Stamford, Conn.-based Purdue pleaded guilty in November to three felonies, including paying illegal kickbacks and deceiving drug-enforcement officials. The drugmaker filed for chapter 11 protection in 2019 to address thousands of opioid-related lawsuits brought against it. Purdue said in a lawsuit filed last week against its insurers that creditors have asserted hundreds of thousands of claims in the bankruptcy case and collectively seek trillions of dollars in damages.

McKinsey also advised other opioid makers on sales initiatives. The firm’s work for

Johnson & Johnson

came up in a 2019 trial in a case brought by Oklahoma against the drug company for contributing to the opioid crisis in the state through aggressive marketing of prescription painkillers. The trial ended with a $572 million verdict against Johnson & Johnson, which was later reduced to $465 million and is still on appeal.

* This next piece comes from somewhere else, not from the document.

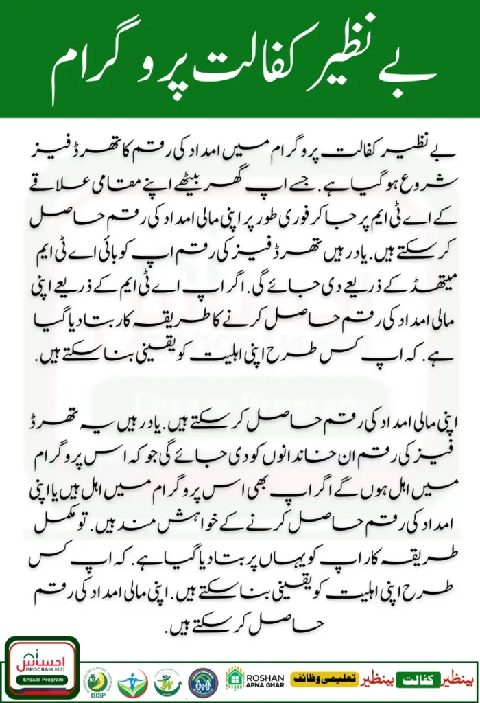 To get the third phase assistance amount in the Benazir Kafalat Program, complete information has been given to you here. Which families will be eligible in the third phase? You have been told.

The vast majority of the money McKinsey will pay in the settlement will be divided among the participating states, with $15 million going to the National Association of Attorneys General to reimburse it for costs incurred in the investigation, one of the people familiar with the deal said.

The settlement also includes some nonmonetary provisions, like requiring McKinsey to create a repository of documents related to its work for opioid makers, the person said.

The holdout states include Nevada, which said Wednesday night that its investigation into the consulting giant continues “and we are conversing with McKinsey about our concerns.”

Purdue has been negotiating with creditors, which include states, since filing for bankruptcy, but finalizing a deal has been slowed by demands from some states that the company’s owners, members of the Sackler family, contribute more than the $3 billion they have agreed to.

States have been keenly focused on ensuring any settlement money from the opioid litigation goes toward helping alleviate the impact of the crisis, including through beefing up treatment programs and helping overstretched law enforcement. The states are looking to avoid the outcome of the 1990s tobacco litigation, when a $206 billion settlement was often spent to fill state budget holes. The McKinsey settlement documents say the money is intended for abatement, the person familiar with the deal said, though state laws differ widely on how settlement funds can be earmarked.